We then returned to our hot, smelly, noisy, and now very dusty (don't ask) bus for the hour long drive to downtown Melbourne. Mr. Waltzing Matilda advised us that he was given "special permission" to drop off those guests who wanted to spend the remaining part of the afternoon in the CBD (whatever that is). Apparently, this permission had to be requested by the ship and approved by the highest authority, someone called, "Swagman" or something like that. The ship somehow did not provide the advertising materials promised shuttle bus* but instead gave out an information sheet on all the complicated ways to pay for a taxi or public transport—a nifty light rail line "only 500 meters" in now 105 degree heat—from the entrance to the port. Don't ask about how long the walk from Silver Whisper to the entrance of the port was.
Barbara and I ran like thieves upon being let out of the now oddly familiar bus the couple of blocks to the very busy Chinatown and immediately found a hole in the wall noodle shop. We wolfed down roast duck and pork rice bowls. The five table place had staff screaming in Chinese to each other, as delivery of take away plastic spoons got uncrated next to us, and we were served and settle up ($19 total for the both of us) in record time. No one put a napkin in our laps, rearranged the silverware multiple times while we were eating—only chopsticks were provided in this kind of place of course—and best of all no one kept asking us about how we were enjoying our meal, if we needed more of anything, asked what kind of water we wanted (repeatedly), or tried to force more wine on us. Our only complaint at this place.
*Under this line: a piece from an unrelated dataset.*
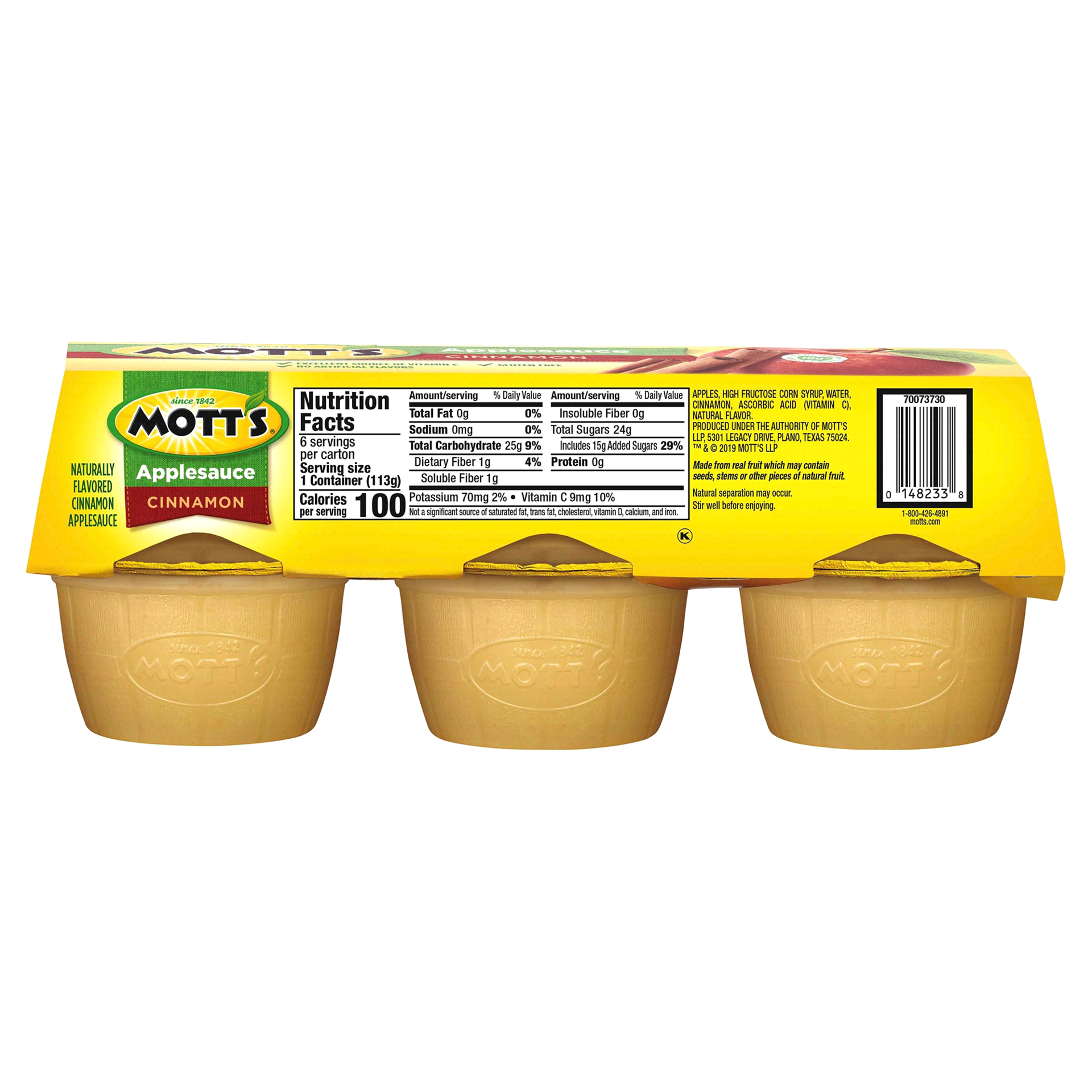 The original, delicious treat, Mott's Cinnamon Applesauce is the perfect snack or meal companion. It's a good source of Vitamin C and free of cholesterol. Bringing the best of the orchard to your hous…

We then wondered a bit more around the Central Business District, found a free Wifi location in front of a cathedral (SSID: "Victoria Corrections"), took in the iconic Flinders Street Station (ok, one icon), then rode the free non-a/c downtown tourist loop tram, and took the very air conditioned light rail back to the ship. We stayed up to 11 pm to watch the sail out. Truly a super but exhausting day.
*I asked the Tour Desk Manager, Mark, about the lack of a ship's shuttle. He told me that the "local authority", a Mr. Billibong, had forced local transport on the ship and that there was nothing he could do but "really wanted to". I suggested that the ship might have provided free light rail tickets for those guests who wanted to go into town. Mark said "Oh." Barbara and I now have Melbourne "MyKi" cards worth $6 AUS each to add to our collection of smart transit cards at home.